THE degree of perfection that has been attained in the manufacture of ammunition is remarkable. Generally speaking, the smaller the charge the more difficult it is to make it accurate. Notwithstanding this, we have in the .22 caliber ammunition a tiny cartridge the accuracy of which falls little short of marvelous.
Until 1907 black powder ammunition was used almost exclusively for pistol and revolver shooting. In central-fire ammunition smokeless powders are now invariably used, especially in military shooting, where the regulation full charge is required. In the .22 caliber pistols, the fouling of the black powder is not a very serious matter, and it is not uncommon to shoot fifty or a hundred rounds without the necessity of cleaning. In the larger calibers, however, the fouling is frequently so excessive that it affects the accuracy after the fifth shot. The incessant cleaning that is necessary in order to get good results with black powder ammunition was a great drawback, and detracted much from the pleasure of revolver shooting. Fortunately this objection is now entirely eliminated by the use of smokeless powders.
Nearly all the cartridges referred to in this chapter were originally designed for black powder. The various manufacturers now supply them loaded with smokeless powder at a very slight advance in price. The cartridges are loaded so as to give approximately the same velocity as the former black powder charges but the new charges are rarely the exact equivalent of the old ones.

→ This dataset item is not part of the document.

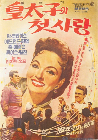워낙 오래된 작품이라 영화 내적인 재미보다는 외적인 재미가 흥미로웠다. 영화 포스터만 봐도 흥미롭다. 영화의 원제는 <The stdent prince>다. 남녀 주인공이 뮤지컬 드라마임을 알리듯 나란히 노래를 부르고 있다. 반면 한국판 영화의 제목은 <황태자의 첫사랑>이다.

The accuracy and uniformity with the smokeless powder was not at first equal to that of the black, but with a better knowledge of the action and behavior of the smokeless powders, these difficulties have been overcome and the smokeless ammunition now gives not only superior accuracy and reliability, but also causes much less fouling and smoke and has a lighter report. In " gallery " ammunition light conical bullets have entirely superseded spherical bullets and smokeless powder is almost invariably used.
To obtain the best results, the proportions of any charge must be adapted to the caliber, length of barrel, and weight of the arm in which it is to be used. These proportions are generally determined by experiment.
The accuracy of the cartridge depends largely upon the uniformity exercised in the operations of loading, the fit of the bullet, its shape, and the reliability and uniformity of the powder. The primer must be of uniform strength also, especially in reduced charges. In ammunition for military service the shells are crimped on the bullets to hold them in place. This does not increase the accuracy in black powder ammunition, but it is necessary and advantageous in all smokeless ammunition including gallery charges, in order to confine the powder and produce uniform results.
Himmelwright, A.L.A.. Pistol and Revolver Shooting. New York: MacMillan, 1922.